6. The automotive sunroof processing platform as described in any one of claims 1 to 5, characterized in that, The automotive sunroof processing platform also includes a first driving component, which is connected to the worktable and is drively connected to the rotary table, so that the first driving component can drive the rotary table to rotate relative to the worktable.
7. The automotive sunroof processing platform as described in any one of claims 1 to 5, characterized in that, The number of the positioning mechanisms is multiple; The plurality of positioning mechanisms include a first positioning mechanism and a second positioning mechanism, wherein the first positioning mechanism and the second positioning mechanism are disposed opposite to each other on both sides of the worktable along a first direction; And / or, The plurality of positioning mechanisms include a third positioning mechanism and a fourth positioning mechanism, which are arranged opposite to each other on both sides of the worktable along a third direction.

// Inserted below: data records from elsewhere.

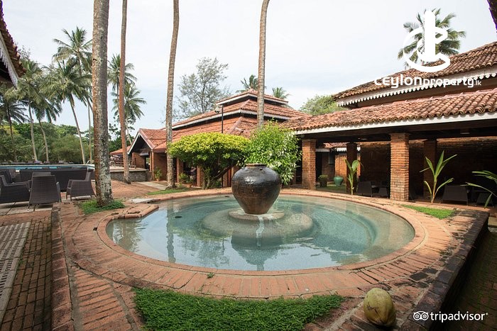Club Bentota was built in 1982 by South African architect, John Drake. The teak and Palmyra fittings in classic southern Sri Lankan style, with stylized roof fringes, columns, and roof beams all add to the buildings’ unique character and ambiance. The red brick exterior, columns, and herringbone-patterned flooring transport you to a different era. Access to the upper floor is via a wooden gantry supported by a complex interlocking latticework of vertical and horizontal architectural lines; the wooden meshwork makes a profound artistic statement that alters your mood ostensibly. The extraordinary vaulted roof, with baked red clay tiles, completes the magical setting.
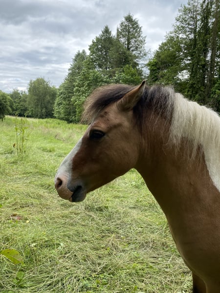 7-year-old Pony stallion with a special coat color seeking a new 5-star home Born May 2018 Mother: Shetland Pony, Father: Welsh Pony Social, playful, and well-behaved in handling. Familiar with road traffic, farrier, and older children. Prefers to go out on rides, both as a lead pony and under saddle. Enjoys groundwork and would likely make a good driving pony. Free of reindeer and eczema, barefoot and moving perfectly. Important for the new home: - Pony companionship - Open stable or daily turnout in a herd - An adult caregiver - Regular activity and training Not just a children's pony! This is a young stallion that still requires further training, so only suitable for experienced handlers. More details gladly provided upon request.
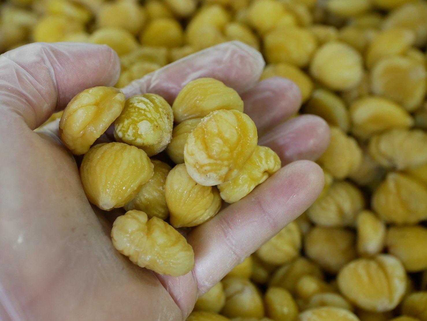 炒めたエシャロットにおいしそうに焼けた栗を加え...
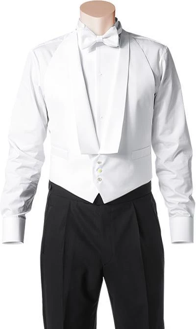 Ist die Kleiderordnung festlich dürfen Weste und Schleife dabei nicht fehlen. Die Weste ist aus feinem Piquégewebe das durch seine dezente Struktur hervorragend Frackhemden in glatter Popeline ergänzt.
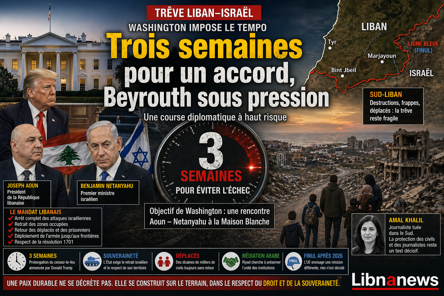 La période de trois semaines ne sera donc pas seulement un test pour Washington. Elle sera un test pour l’État libanais. Elle dira si les institutions peuvent défendre une position commune. Elle dira si la diplomatie peut produire une baisse réelle de la violence. Elle dira si la trêve peut passer du communiqué au terrain. Elle dira surtout si le Liban peut négocier sans perdre le contrôle de son propre mandat.
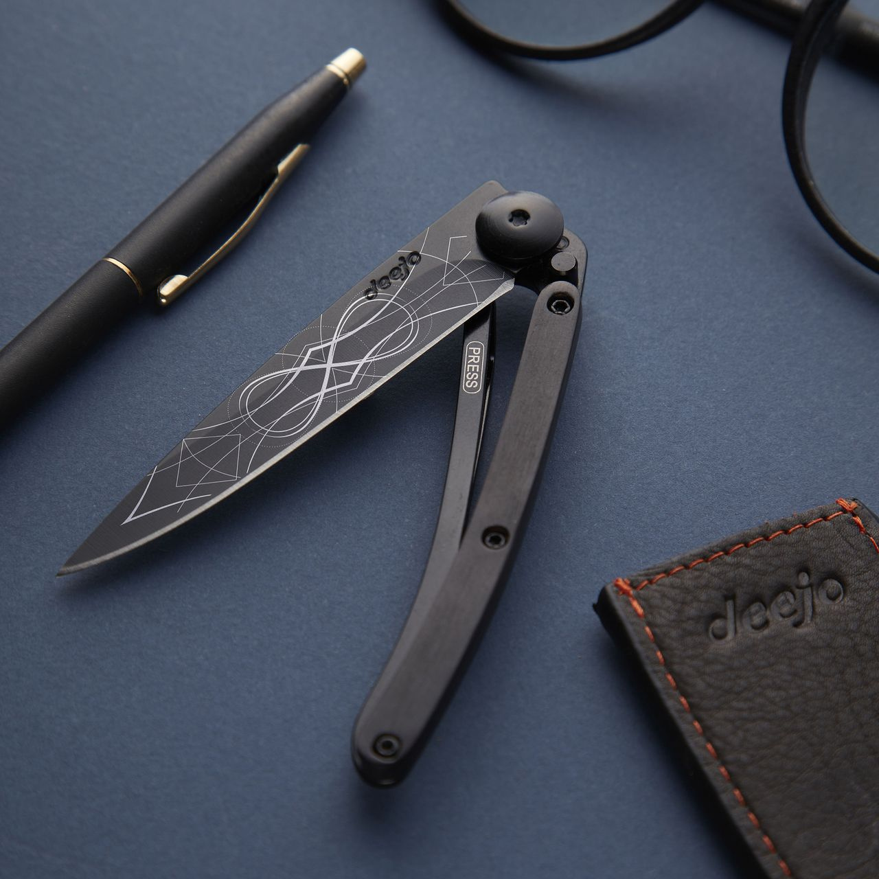 Stylový ultralehký nůž Deejo se střenkou z ebenového dřeva a elegantní černou čepelí s tetováním &quVíce
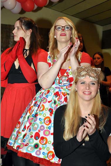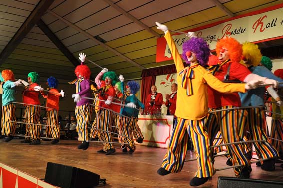 Ein absoluter Höhepunkt weit nach Mitternacht war der Auftritt der „Sahneschnittchen“, die seit drei Jahren die Kaller Prunksitzungen durch besonders ideenreiche Darbietungen bereichern. Diesmal erschienen Gruppe als Clowns verkleidet.
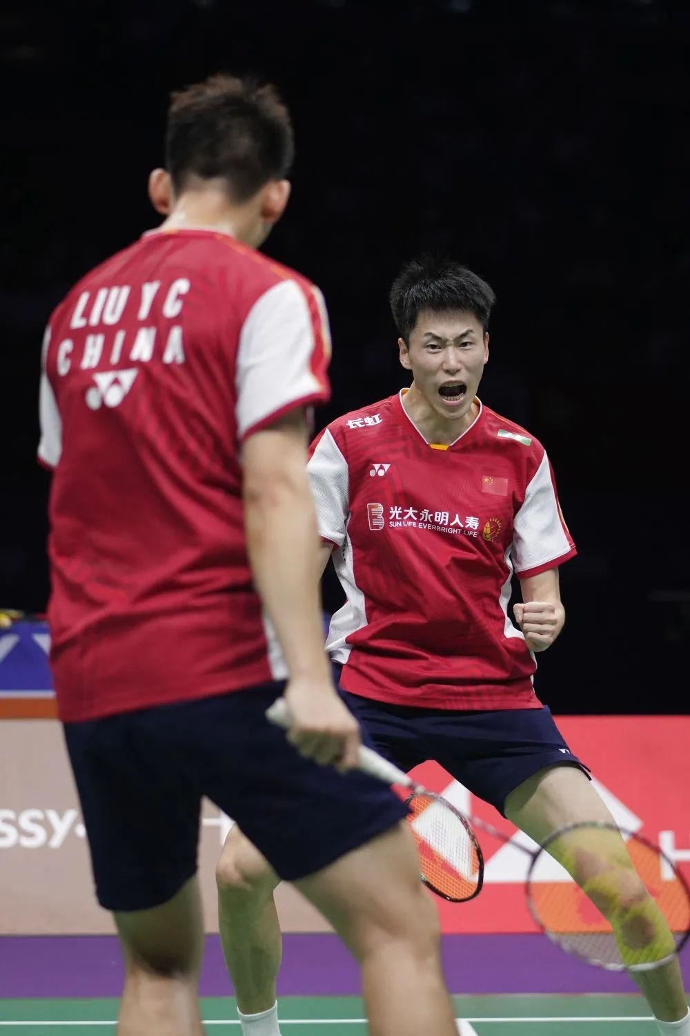 以保木卓朗/小林優(yōu)吾遺憾、懊惱的表情為背景,劉雨辰越過(guò)邊界擋板在場(chǎng)內(nèi)狂奔,與場(chǎng)邊的教練擊掌相慶?!澳孟卤荣悾瓿闪宋覀兊娜蝿?wù),沒(méi)給男雙丟臉,在主場(chǎng)也沒(méi)給球迷們丟臉!”劉雨辰賽后說(shuō)。
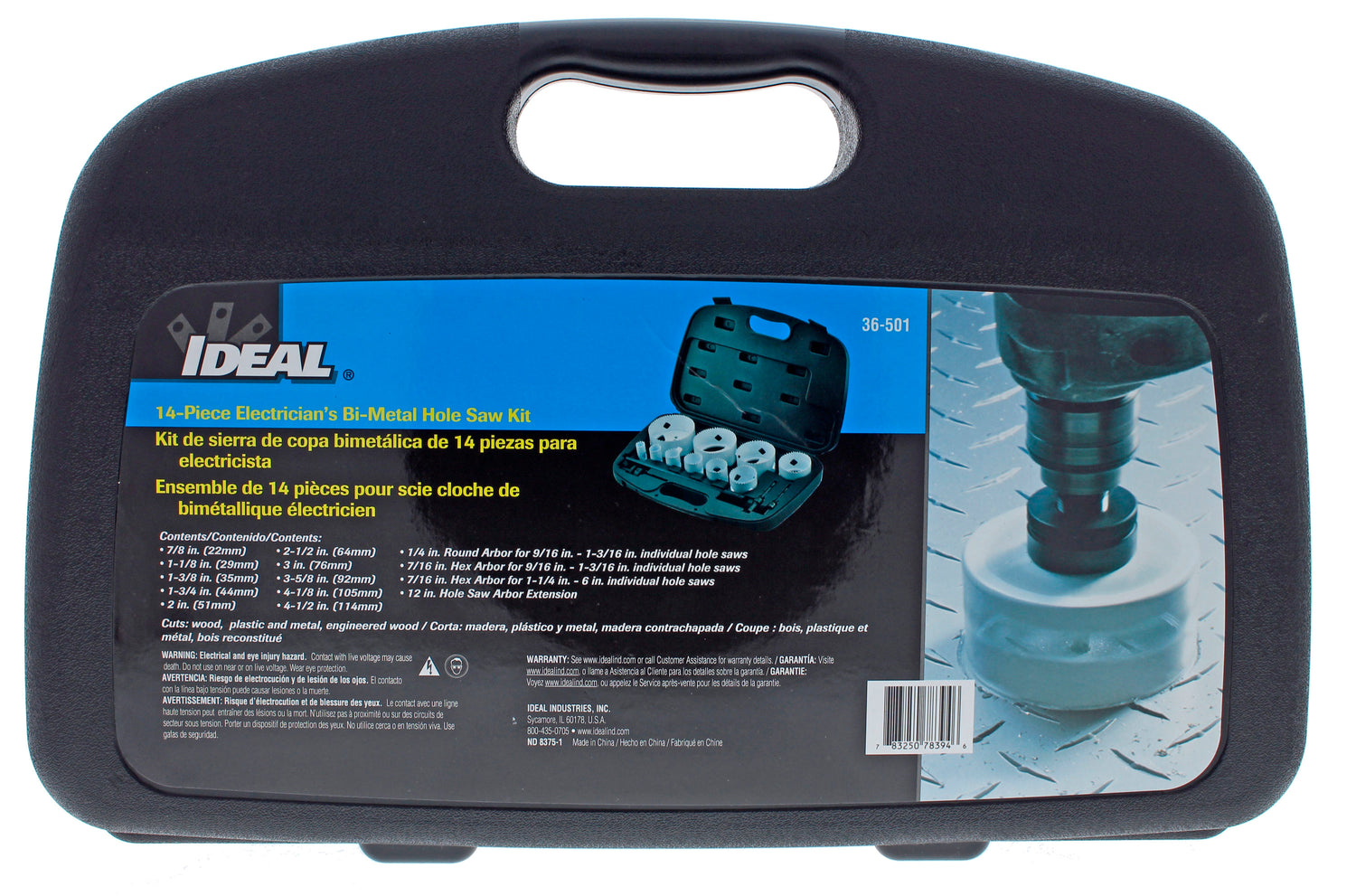 Kit contains: 7/8, 1-1/8, 1-3/8, 1-3/4, 2, 2-1/2, 3, 3-5/8, 4-1/8, 4-1/2 in hole saws, 36-570, 36-572 arbor, 36-573 arbor, 12 in extension

8. The automotive sunroof processing platform as described in any one of claims 1 to 5, characterized in that, The workbench is provided with a guide rail, and the bracket is provided with a slider. The automotive sunroof processing platform also includes a second driving component. The slider is slidably engaged with the guide rail. The second driving component is connected to the workbench and is drively connected to the bracket, so that the second driving component can drive the slider to move relative to the guide rail through the bracket.
9. A processing equipment for automobile sunroofs, characterized in that, The automotive sunroof processing equipment includes an automotive sunroof processing platform as described in any one of claims 1 to 8, and the automotive sunroof processing equipment further includes: A conveying and securing robot is used to convey the reinforcement to the ceiling and restrict the movement of the reinforcement relative to the ceiling; A rolling edge robot is used to perform edging processing on the skylight edging area of the ceiling. A welding robot is used to perform welding processing on the skylight welding area of the roof. The hemming robot and the welding robot are arranged circumferentially along the worktable.
10. The automotive sunroof processing equipment as described in claim 9, characterized in that, The automotive sunroof processing equipment also includes a transport robot, which is used to transport the sunroof to a position where it can contact or separate from the mold assembly.